ItAli Airlines
| IATA | ICAO | Call sign |
| FS | ACL | ITALI |
- Founded: 1984 as Air Columbia renamed TAI-Trasporti Aerei Italiani rebranded ItAli Airlines in 2004
- Ceased operations: 11 March 2011
- Hubs: Leonardo da Vinci-Fiumicino International Airport
- Frequent-flyer program: ItAli Sky Pass
- Fleet size: 11
- Destinations: 5 (scheduled)
- Parent company: Aeroservices Group
- Headquarters: Rome, Italy
- Key people: Giuseppe Spadaccini
- Website: www.italiweb.it

= ItAli Airlines =

Italian airline based in Rome

ItAli Airlines S.p.A. was an airline based in Rome. It operated regional scheduled, charter and cargo services, as well as air taxi flights. Its main base was Leonardo da Vinci-Fiumicino International Airport, Rome.

== History ==
The air carrier had its origins in Air Columbia, established in 1984 in the city of Pescara, on the coast of the Adriatic Sea. Only air taxi activities were carried out by this company. It was wholly owned by Giuseppe Spadaccini, an Abruzzo businessman active in various sectors of aviation which he controlled through the financial company Aeroservices. After this entity acquired Air Besit in 2001, it decided to deploy its two Swearingen SA-227 Metroliners in a closer geographic area (Pescara) and begin scheduled flights to Rome and other Italian cities. In 2000, the entrepreneur felt the time had come for a broader transformation.

In 2003 TAI-Trasporti Aerei Italiani was born but it was a temporary solution. Between the end of 2003 and 2004 the new name ItAli Airlines was adopted. From October 2003 the air carrier linked Pescara Abruzzo Airport with important cities, connecting there with domestic and international flights. In particular, the daily flight to Milan-Linate Airport was operated by a Fairchild Swearingen Metroliner. Other flights were operated by a Dornier 328Jet regional airliner.
Charter operations were flown with McDonnell Douglas MD-82s, primarily from Rome-Leonardo Da Vinci International Airport and Milan Malpensa Airport. The main destinations in the summer of 2010 were Samos, Lourdes, Lampedusa, Rhodes, and, above all, Tirana, with multiple weekly flights. On 16 December of the same year, the airline began RomeLeonardo Da Vinci International Airport-Genoa and Genoa-Paris-Charles de Gaulle Airport flights.

In early summer 2009 the airline's air taxi arm was established, with a hub at Rome Ciampino Airport and a secondary base at Milan-Linate Airport. Executive flights were operated under MustFly brand, whose aircraft were well placed under ItAli Airlines AOC. The fleet included two Dornier 328JETs, those previously used on scheduled flights, specially reconfigured with 19 seats accommodation.
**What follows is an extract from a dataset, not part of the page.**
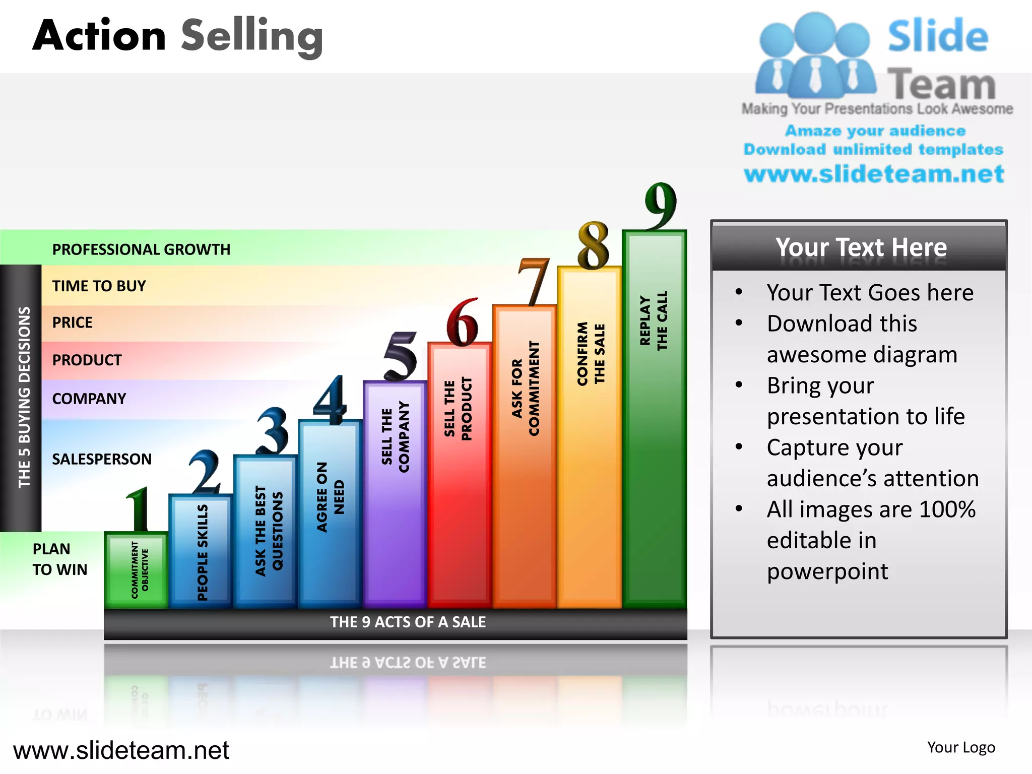 The document outlines the 5 buying decisions and 9 acts of a sale. The 5 buying decisions are product, price, company, salesperson, and commitment/objective. The 9 acts of a sale are plan to win, ask the best questions, agree on need, sell the company, sell the product, ask for commitment, confirm the sale, replay the call, and professional growth. The diagram shows the interconnection between the 5 buying decisions and 9 acts of a sale in the sales process.

On 21 October 2010, following investigations conducted by the Pescara tax police unit of the Guardia di Finanza ("Operation Flying Money"), Giuseppe Spadaccini was arrested along with 12 other people for a massive international tax evasion scheme involving €uros 90 million. He was allegedly the mastermind and organizer of a network of companies involved in tax evasion between Italy and the island of Madeira. On 11 March 2011, ENAC (Italian civil aviation authority) suspended the AOC due to the persistence of some air carrier critical issues.

==Destinations==
During winter season 2010, ItAli Airlines operated from the following hubs:

- Italy
- Genoa - Genoa Airport
- Milan - Linate Airport
- Reggio Calabria - Reggio Calabria Airport
- Rome - Leonardo Da Vinci International Airport

- France
- Paris - Charles de Gaulle Airport

==Fleet==

The ItAli Airlines fleet consisted of the following aircraft types:

| Aircraft | Image | Total | Introduced | Retired | Remarks |
|---|---|---|---|---|---|
| Airbus A320-200 |  | 1 | 2006 | 2007 | Leased^{[citation needed]} |
| Cessna Citation Mustang |  | 3 | 2009 | 2011 | Previously operated by Air Columbia |
| Fairchild Dornier 328JET |  | 2 | 2004 | 2011 | ^{[citation needed]} |
| McDonnell Douglas MD-82 |  | 5 | 2005 | 2011 |  |
| Fairchild Swearingen Metroliner SA-227 |  | 2 | 2003 | 2011 | Previously operated by Air Columbia^{[citation needed]} |

ItAli Airlines had placed an order for 10 Sukhoi Superjet 100-95 aircraft which were expected to be in service around mid-2010, plus 10 options. However, in January 2011, the contract had been dropped from the order book list.